Só houve um problema: rematar à baliza. Portugal controlou bem todo o processo defensivo, com mais ou menos apuro, mas não soube ser eficaz frente à baliza. Tivesse logrado isso e nem era necessário ir aos penaltys.

Dito isso, foi sem dúvida a única equipa que esteve à altura, fisica e psicológica, desta Espanha. E esse mérito é tremendo e não pode ser esquecido.

um abraço


De teixeira a 2 de Julho de 2012 às 02:00
"esse mérito é tremendo e não pode ser esquecido". mas, será. a história do futebol - em raras ocasiões - fala dos perdedores. Hungria , em 54, Brasil, em 82, Holanda, em 78, são exemplos. Todavia, eram selecções que estavam muito acima ao mediano Portugal 2012.


De Miguel Lourenço Pereira a 2 de Julho de 2012 às 02:07
Teixeira,

Não é importante que a história do futebol se lembre. É importante que se lembrem quem estão por detrás do projecto, quem tem a responsabilidade de gerir o futuro do futebol português.

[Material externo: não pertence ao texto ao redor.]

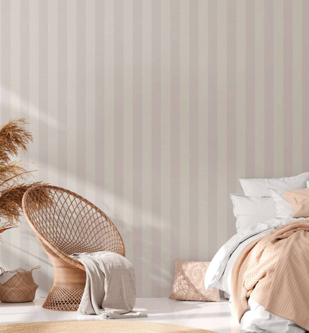 Motyw tapety tworzą regularnie rozmieszczone, matowe pasy o jednakowej szerokości. Kolorystyka na tapecie jest stonowana i scala ze sobą dwa odcienie – biały i jasnopopielaty. Tapeta w pasy to doskonały pomysł na elegancką aranżację pomieszczenia. Pasiasty motyw skomponuje się zarówno z klasycznym, jak i nowoczesnym designem wystroju wnętrz. Ponadto, świetnie poprawi ich optyczne proporcje. Struktura lnu zaprezentowana na całej powierzchni tapety, dodatkowo podkreśla jej estetyczne walory. Sprawdzi się, jako samodzielna dekoracja ścian lub połączona z szeroką gamą wzorów z kolekcji D’eco Natural Living, stworzy wyjątkowo elegancki wystrój do salonu, do jadalni, do sypialni, gabinetu, czy też do pokoju młodzieżowego, nadając im niepowtarzalny i klimatyczny urok. Tapeta flizelinowa, charakteryzuje się dobrą odpornością na zmywanie, wierzch można bardzo delikatnie przecierać ściereczką. Innowacyjna i bezpieczna dla środowiska technika produkcji. Tapeta wolna od PVC.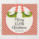 Pernas de elfo divertidas vestindo meias listradas de marfim e vermelho e botas verdes com sinos de jingle, e sua saudação de Natal de Natal em caracteres chicos, personalize essas etiquetas de garrafa de vinho espumante para servir na sua festa de Natal ou para dar como presentes ou favoritos para festas, presentes corporativos, presentes corporativos, MUDE A PALAVRA "Feliz Elfin Christmas" para qualquer coisa!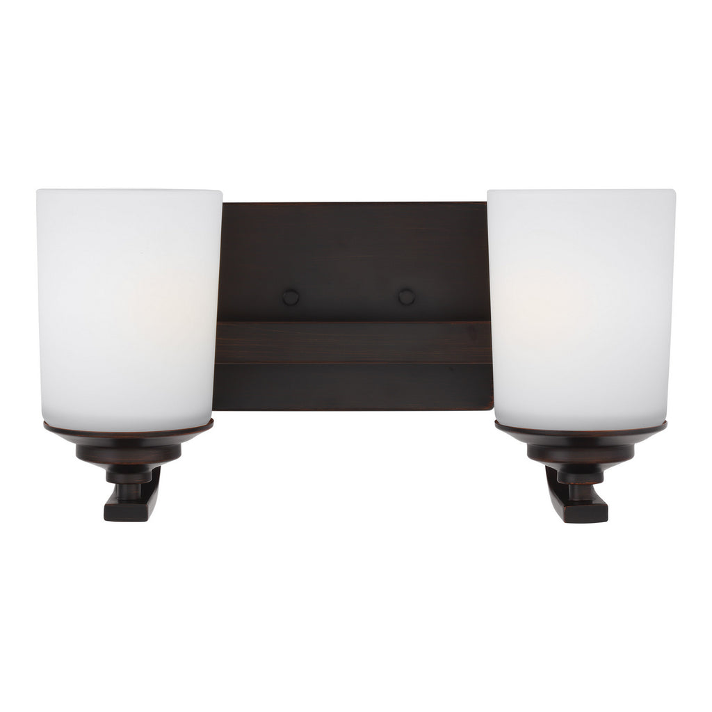 The Kemal two light vanity fixture in bronze offers shadow-free lighting in your powder room, spa, or master bath room.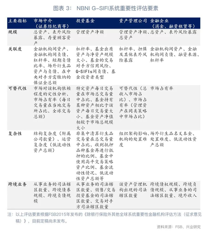 《指导意见》指出,系统重要性金融机构的评估方法将包括机构规模、关联度、复杂性、可替代性、资产变现等一级指标,与全球系统重要性金融机构的评估逻辑保持一致。其中,我们认为“资产变现”指标可能主要针对其他机构(尤其是投资基金),大致对应于国际监管“复杂性”指标下的基金流动性情况、低流动性资产总额等指标。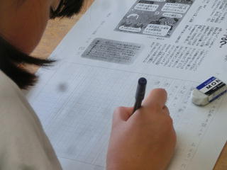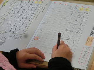 低学年は、ワークを使っての書写でした。ていねいに文字を書き写すことで、学年が上がっても、ていねいに、より速く書けるようになります。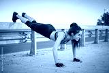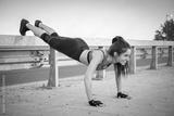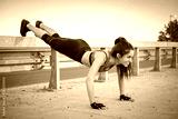 Fit young woman doing push ups over bridge's fence during evening training outdoors.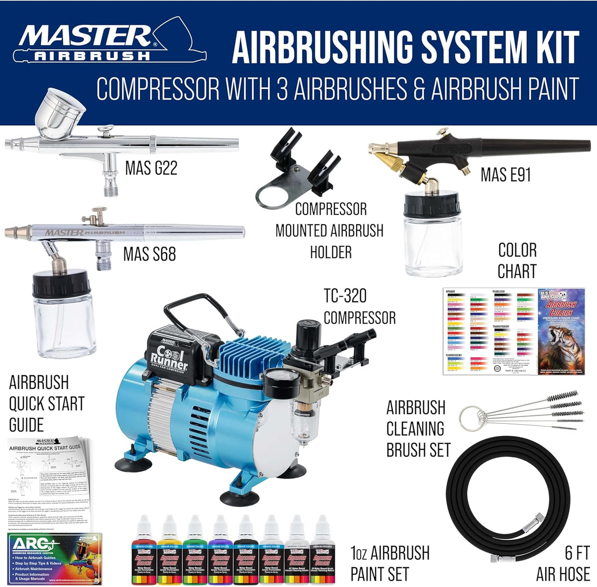 A complete, professional-grade airbrushing system featuring the Cool Runner II dual-fan compressor, three versatile airbrushes, acrylic paint set, cleaning tools, and a step-by-step airbrush guide—perfect for beginners, hobbyists, artists, and model makers.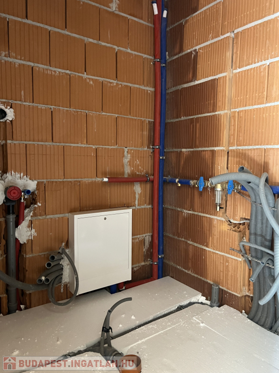 Fűtése 9,5 KW-os hőszivattyúkról ,padlófűtés, használati meleg víz és lakásonként 2db beltéri klíma egységek is erről üzemelnek.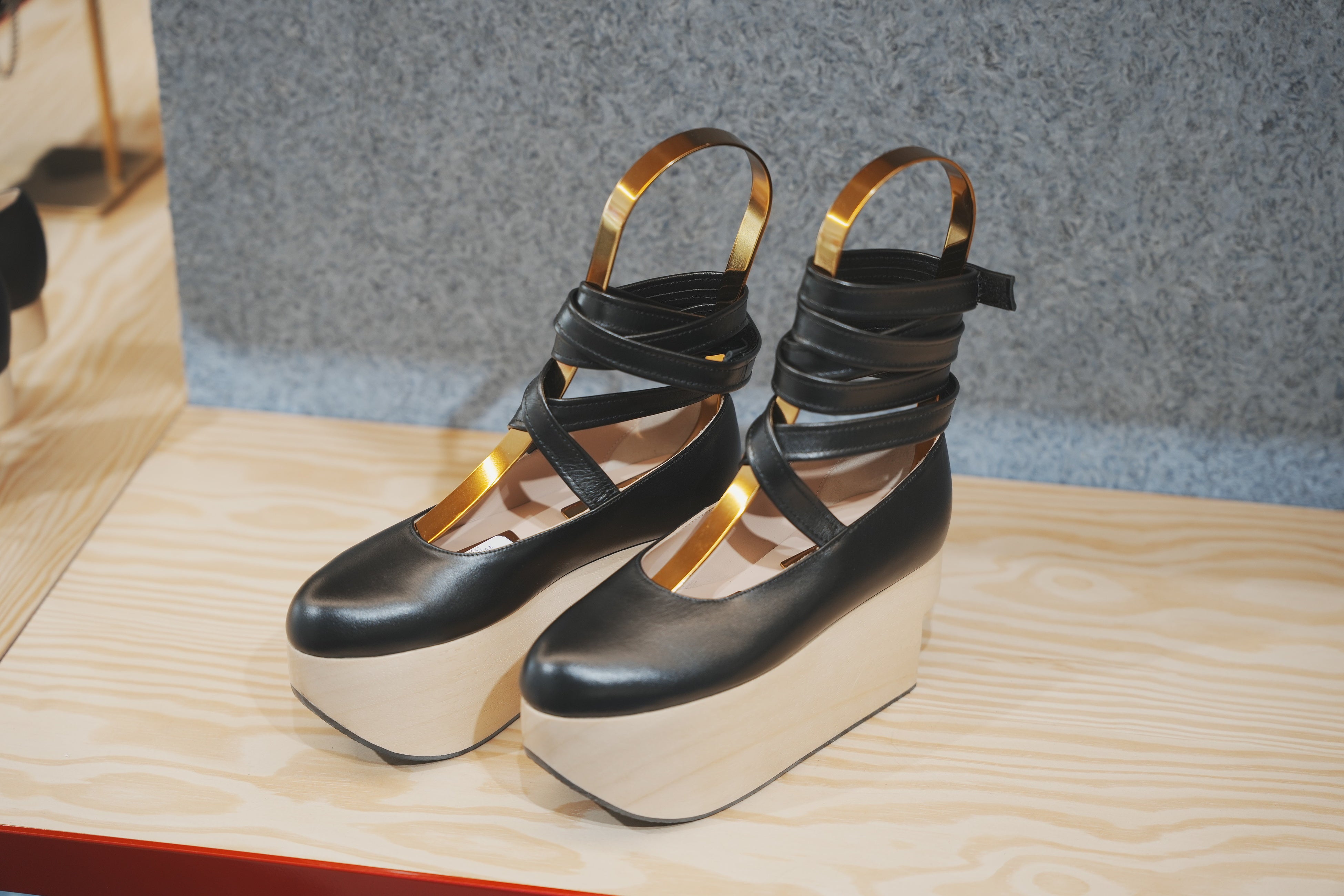 商品を展示しているディスプレイ棚は、ブランドを象徴するアイテム「ROCKING HORSE(ロッキンホース)」のウッドソール部分をイメージしたシルエットで、レッドカラーのテーブルがアクセントとなりプレイフルな雰囲気に。

Aragonés, o homem que começou esta Espanha, disse sempre que a sua equipa se formou no dia da derrota contra a França em 2006, o dia em que aprenderam a competir. Foi uma derrota doce, a última em jogos a eliminar.

As derrotas podem não ficar para a história, mas lembrar-se deles ajuda muitas vezes a facilitar as vitórias do futuro!

um abraço


De filipe a 2 de Julho de 2012 às 13:13
uau o convencimento deste Teixeirinha..... dá vómitos


De teixeira a 2 de Julho de 2012 às 14:40
sugiro uma ida a farmácia para comprares um gaviscon para teus vómitos na ida, ou na volta, uma boa livraria, Bertrand, por exemplo, e compre uns livros para um pouco mais de estudo a respeito de futebol no mundo. não sou prepotente assumido, porém tenho pouca paciência.